出典:建築物衛生管理技術者試験 令和6年度(2024年)|建築物衛生行政概論 第10問

問題

建築物環境衛生管理技術者の職務として、最も不適当なものは次のうちどれか。

(1) 環境衛生上必要な事項が記載された帳簿書類の備付け

(2) 建築物環境衛生管理基準を基にした管理業務計画の立案

(3) 管理業務計画に基づく具体的な管理業務の指揮監督

(4) 空気環境測定結果や水質検査結果などの評価

(5) 環境衛生上の維持管理に必要な各種調査の実施

ビル管過去問|建築物環境衛生管理技術者の職務を解説

この問題は、建築物環境衛生管理技術者にどこまでの権限と責任があるのかを問う基本問題です。

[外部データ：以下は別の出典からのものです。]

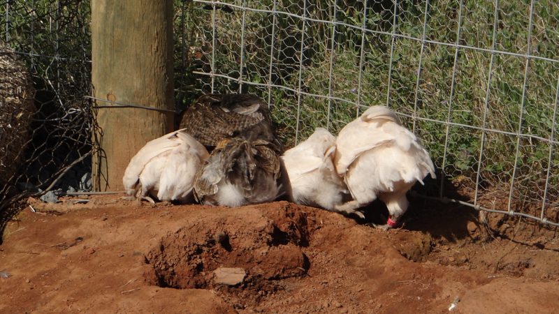 The olive eggers dug their way out of the Icelandic/Layer run where they had been moved a couple of days ago. They are for now in with the old girls because that is the most secure run. Michael brought home 3 more wattles so we can put them up against that back fence and secure it better from the erosion and digging.

試験では、管理技術者の「専門的技術的な職務」と、建築物所有者等の「設置備付け体制整備の責任」を切り分けて理解しているかがよく問われます。正しい選択肢は、最も不適当なものとして示された(1)「環境衛生上必要な事項が記載された帳簿書類の備付け」です。これは建築物環境衛生管理技術者が直接行う職務というより、特定建築物の所有者等が果たすべき管理上の責任に当たるためです。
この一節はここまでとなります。